* [Given entries]
# # # # # # #

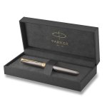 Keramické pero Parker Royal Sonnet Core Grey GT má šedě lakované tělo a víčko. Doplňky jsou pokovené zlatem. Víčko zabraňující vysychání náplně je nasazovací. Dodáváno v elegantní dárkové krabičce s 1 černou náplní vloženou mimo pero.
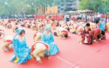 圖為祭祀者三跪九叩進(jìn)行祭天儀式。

# # # # # # #

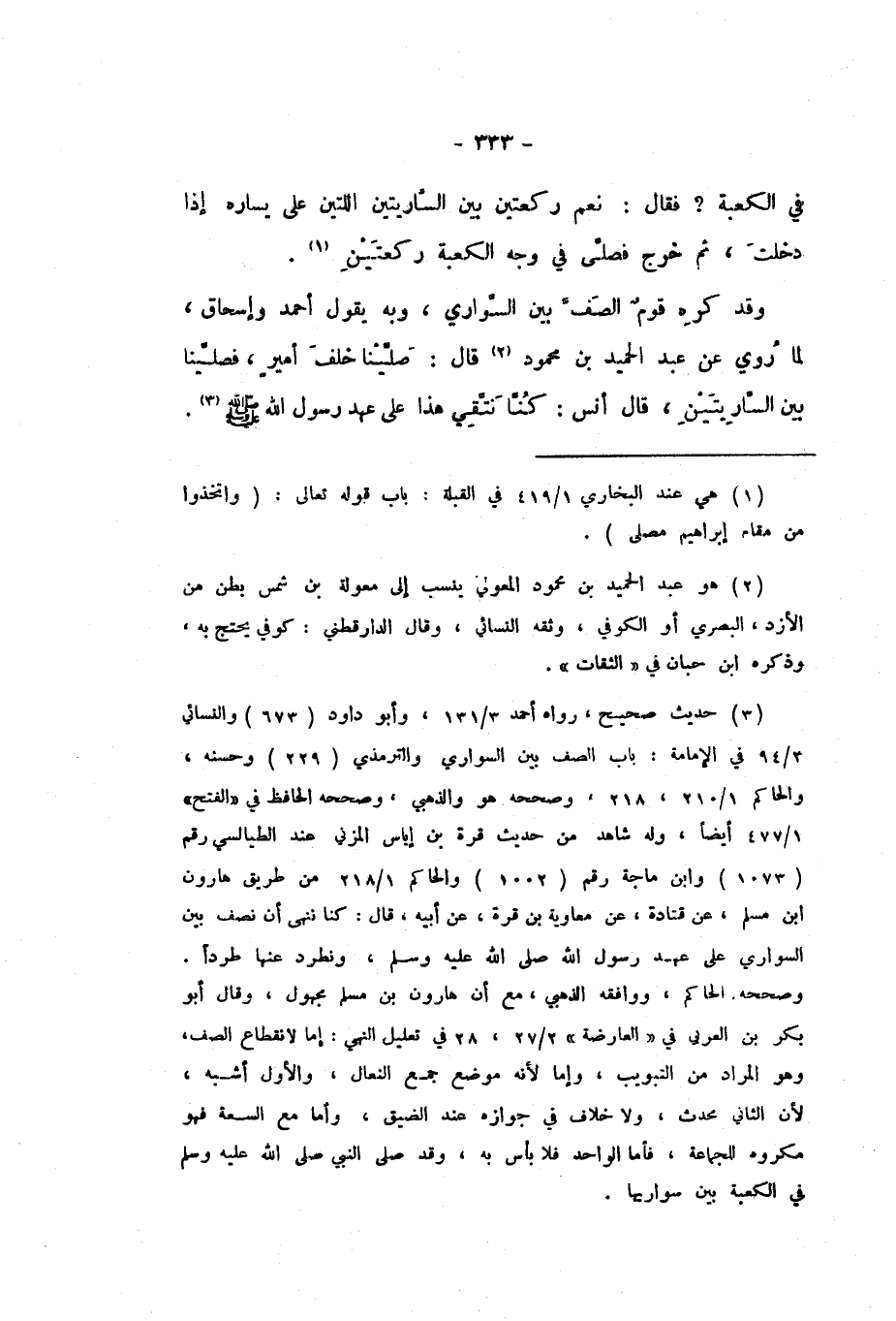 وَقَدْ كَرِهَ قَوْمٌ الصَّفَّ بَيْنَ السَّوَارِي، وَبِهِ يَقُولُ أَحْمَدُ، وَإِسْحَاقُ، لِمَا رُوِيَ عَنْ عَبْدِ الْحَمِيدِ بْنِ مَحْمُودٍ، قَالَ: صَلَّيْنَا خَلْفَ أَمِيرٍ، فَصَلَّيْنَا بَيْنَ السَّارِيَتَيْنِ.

# # # # # # #

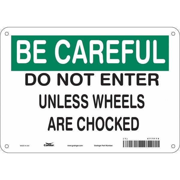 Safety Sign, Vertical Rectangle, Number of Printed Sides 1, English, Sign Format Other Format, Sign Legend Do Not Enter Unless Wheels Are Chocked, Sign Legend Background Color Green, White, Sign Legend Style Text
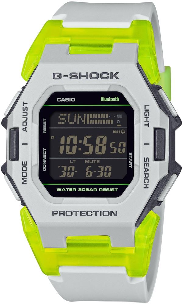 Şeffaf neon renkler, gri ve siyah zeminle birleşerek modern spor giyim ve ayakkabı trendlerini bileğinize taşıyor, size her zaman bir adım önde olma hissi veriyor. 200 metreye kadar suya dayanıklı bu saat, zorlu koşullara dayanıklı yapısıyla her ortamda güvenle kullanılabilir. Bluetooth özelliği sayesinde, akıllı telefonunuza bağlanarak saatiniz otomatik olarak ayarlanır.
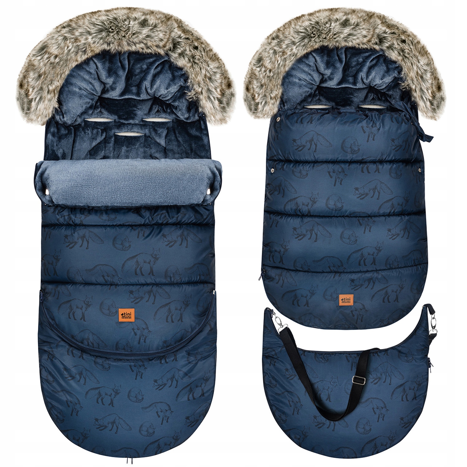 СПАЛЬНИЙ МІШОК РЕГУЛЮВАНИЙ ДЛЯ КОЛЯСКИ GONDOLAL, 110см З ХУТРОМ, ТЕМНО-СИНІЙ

# # # # # # #

* [Requirement] Leaving pictures out, output the lines of the data above from the one with "Keramické pero Parker" through the one with "圖為祭祀者三跪九叩進(jìn)行祭天儀式。", word for word.

* [Exercise result]
 Keramické pero Parker Royal Sonnet Core Grey GT má šedě lakované tělo a víčko. Doplňky jsou pokovené zlatem. Víčko zabraňující vysychání náplně je nasazovací. Dodáváno v elegantní dárkové krabičce s 1 černou náplní vloženou mimo pero.
 圖為祭祀者三跪九叩進(jìn)行祭天儀式。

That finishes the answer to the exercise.